§ **Source records**
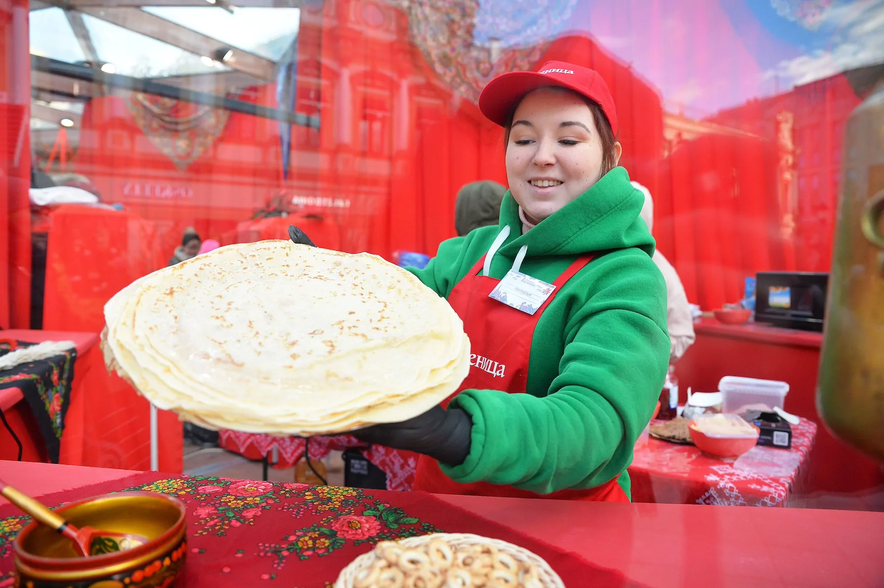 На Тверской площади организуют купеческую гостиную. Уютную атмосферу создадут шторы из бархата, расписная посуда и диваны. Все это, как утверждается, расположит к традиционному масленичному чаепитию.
* * *
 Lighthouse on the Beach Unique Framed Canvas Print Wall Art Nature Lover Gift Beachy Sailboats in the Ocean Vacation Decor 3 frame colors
...
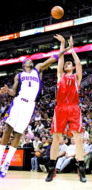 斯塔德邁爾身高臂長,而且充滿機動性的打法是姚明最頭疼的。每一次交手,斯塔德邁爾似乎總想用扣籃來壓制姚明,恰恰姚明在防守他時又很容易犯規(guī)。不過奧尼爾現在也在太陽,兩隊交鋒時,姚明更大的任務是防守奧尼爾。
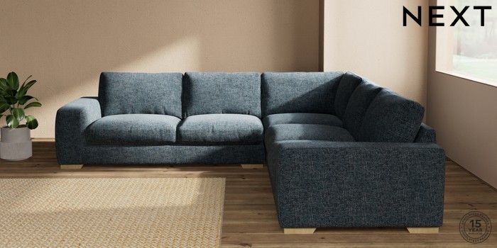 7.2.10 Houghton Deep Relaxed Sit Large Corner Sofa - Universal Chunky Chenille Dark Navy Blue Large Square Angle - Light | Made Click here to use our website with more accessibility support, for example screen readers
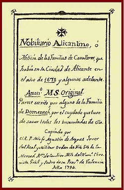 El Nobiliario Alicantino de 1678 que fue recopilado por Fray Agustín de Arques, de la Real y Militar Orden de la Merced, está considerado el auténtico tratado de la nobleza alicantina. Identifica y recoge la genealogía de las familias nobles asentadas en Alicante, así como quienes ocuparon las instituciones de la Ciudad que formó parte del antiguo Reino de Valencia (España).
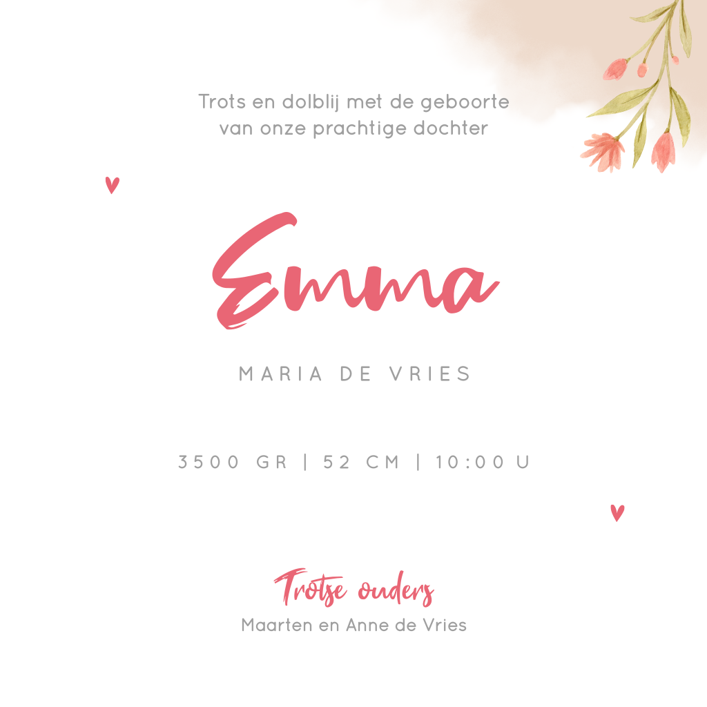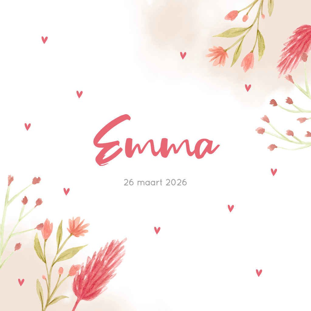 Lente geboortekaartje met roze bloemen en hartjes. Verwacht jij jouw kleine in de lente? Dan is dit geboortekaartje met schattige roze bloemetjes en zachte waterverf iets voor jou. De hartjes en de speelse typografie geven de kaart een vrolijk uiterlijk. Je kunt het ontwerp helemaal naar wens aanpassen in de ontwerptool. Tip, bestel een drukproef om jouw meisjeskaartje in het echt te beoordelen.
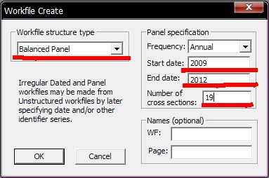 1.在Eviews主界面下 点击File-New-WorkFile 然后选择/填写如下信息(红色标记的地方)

§ **Task goal**
Of the records above, print only the lines from the one containing "斯塔德邁爾身高臂長,而且充滿" through the one containing "7.2.10 Houghton Deep", inclusive and unaltered, leaving out pictures.

§ **Your response**
 斯塔德邁爾身高臂長,而且充滿機動性的打法是姚明最頭疼的。每一次交手,斯塔德邁爾似乎總想用扣籃來壓制姚明,恰恰姚明在防守他時又很容易犯規(guī)。不過奧尼爾現在也在太陽,兩隊交鋒時,姚明更大的任務是防守奧尼爾。
 7.2.10 Houghton Deep Relaxed Sit Large Corner Sofa - Universal Chunky Chenille Dark Navy Blue Large Square Angle - Light | Made Click here to use our website with more accessibility support, for example screen readers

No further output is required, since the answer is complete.